Items listed in a dataset:
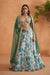Deepika Chadha's stunning Teal blue and white printed georgette fabric blouse, beautifully adorned with intricate mirrors, cutdana, sequins and zari hand embroidery. The flowy Teal blue amd white peacock printed lehanga with black zari and beads highlights adds a touch of tradition and sophistication to your look, while the soft net embroidered Dupatta with golden borders lace keeps you light and comfortable all day long and is perfect for wedding and festive season.
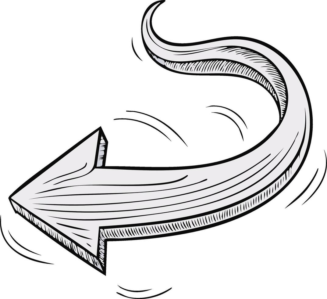 Hand drawn curved arrow pointing left in a dynamic sketch style illustration Pro Vector
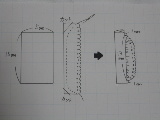 続いて、レースでケープ風の襟を作りましょう。必要な生地のサイズは、前の項目を参考にしてください。
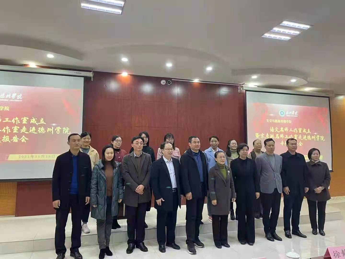 2021年11月19日上午,文学与新闻传播学院在博文楼三楼报告厅举行语文名师工作室揭牌仪式暨宋彦琳名师工作室走进德州学院专场报告会。校党委委员、副校长徐静、德州市第九中学宋彦琳名师工作室成员、文学院党政负责人及文学院汉语言文学专业部分师生参加了此次揭牌仪式,并听取了报告会。徐静副校长在名师工作室揭牌仪式上致辞。她指出:文学与新闻传播学院打造语文名师工作室平台,是适应高等教育改革和校城融合发展的时代要求打造一体化教师教育联盟,强化校地教科研合作,搭建高层次语文名师交流平台,促进语文教师专业发展,改进和创新汉语言文学专业人才培养的重要举措。徐校长对语文名师工作室的成立寄予厚望,希望语文名师工作室能够落实“立德树人”的根本任务,凝聚校内外的名师资源,促进教师专业发展,成为汉语言文学专业学生职前培养和职后指导一体化的“高平台”、语文骨干教师的“孵化器”,新时代德州市语文教育守正创新的“助推器”。
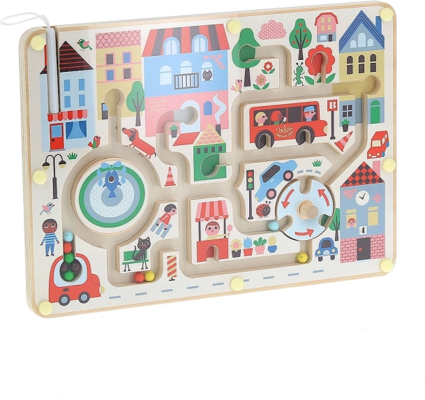 Entra in un mondo pieno di colori e fantasia con il gioco Labirinto magnetico La mia città. Usa la penna magnetica per guidare le biglie colorate attraverso la città e sviluppare così la motricità fine del tuo bambino. Un giocattolo in legno che non è solo uno strumento per l'apprendimento giocoso, ma aiuta anche ad espandere il vocabolario del bambino.
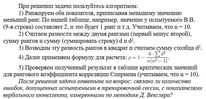Расположите в правильном порядке этапы расчета коэффициента ранговой корреляции Спирмена:
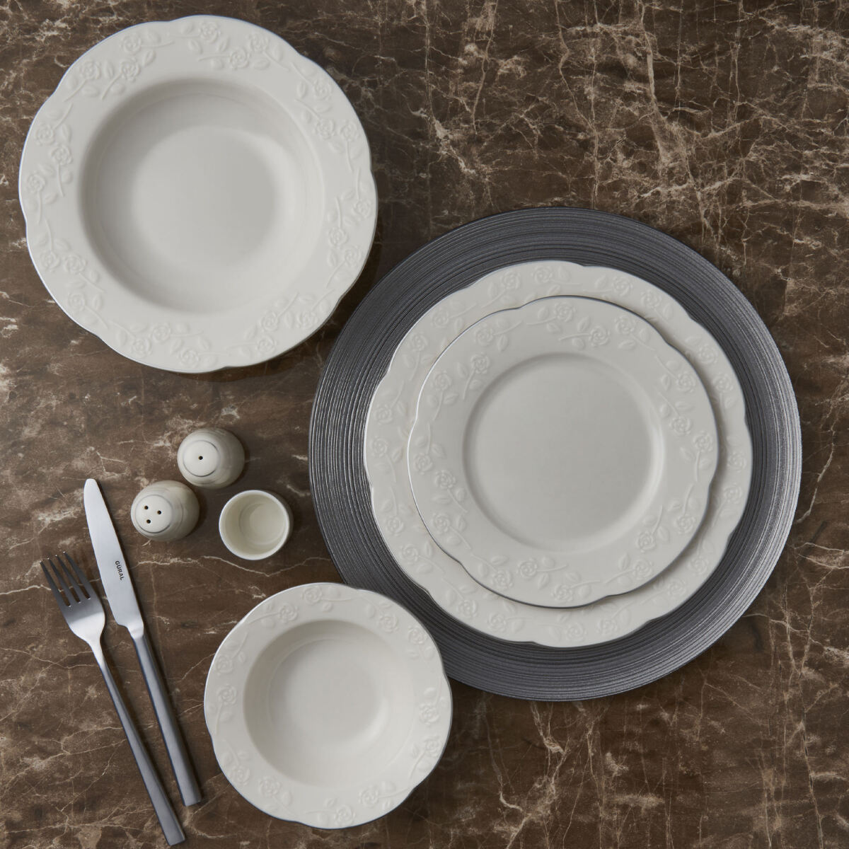 Home Carmina 24 Parça 12 Kişilik Yuvarlak Bone Yemek Takımı - Platin
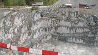 Eine Gruppe besichtigt den Steinbruch der Firma Battaglia Andeer Granit AG.
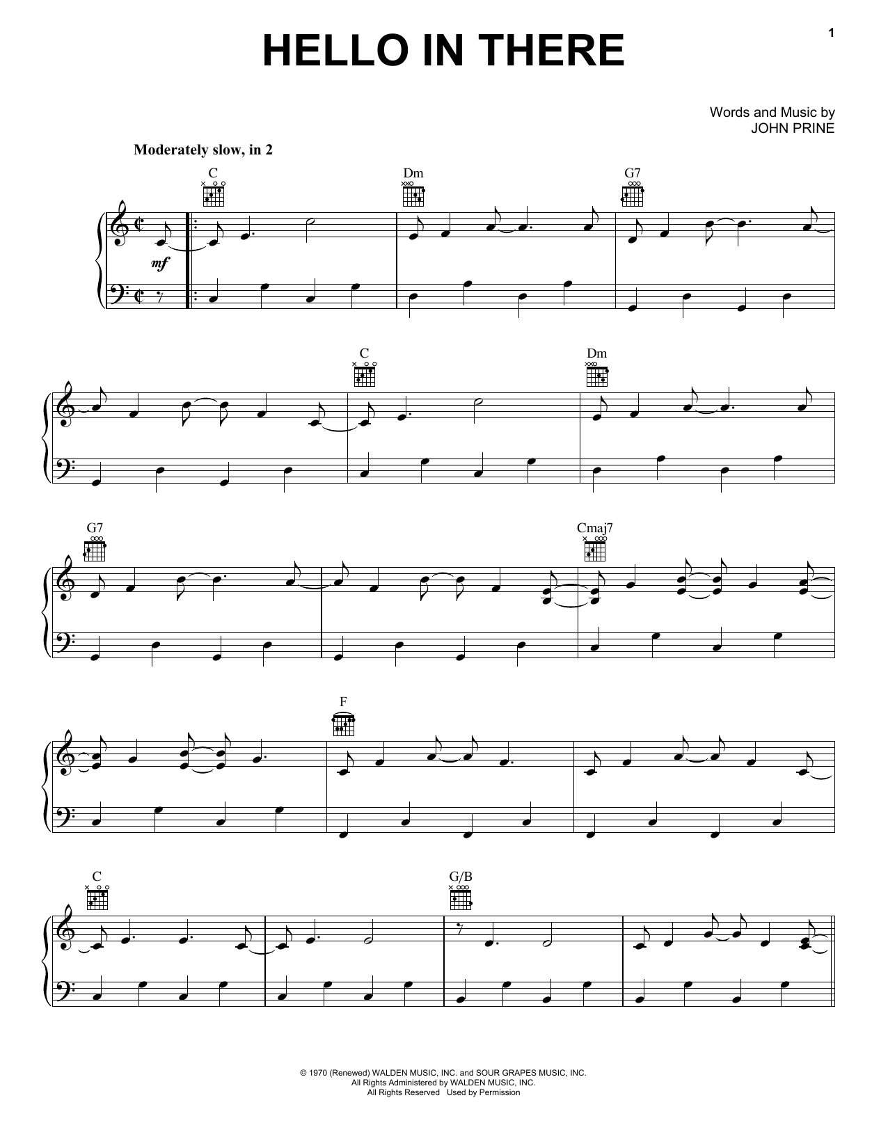 Download or print John Prine Hello In There sheet music, chords and digital score arranged for Piano, Vocal & Guitar Chords (Right-Hand Melody). This Pop score includes 6 page(s).

Exercise => The required output is the line containing "Eine Gruppe besichtigt" plus every line after it to the end of the data, copied exactly and with no pictures.

Answer to this problem =>
 Eine Gruppe besichtigt den Steinbruch der Firma Battaglia Andeer Granit AG.
 Download or print John Prine Hello In There sheet music, chords and digital score arranged for Piano, Vocal & Guitar Chords (Right-Hand Melody). This Pop score includes 6 page(s).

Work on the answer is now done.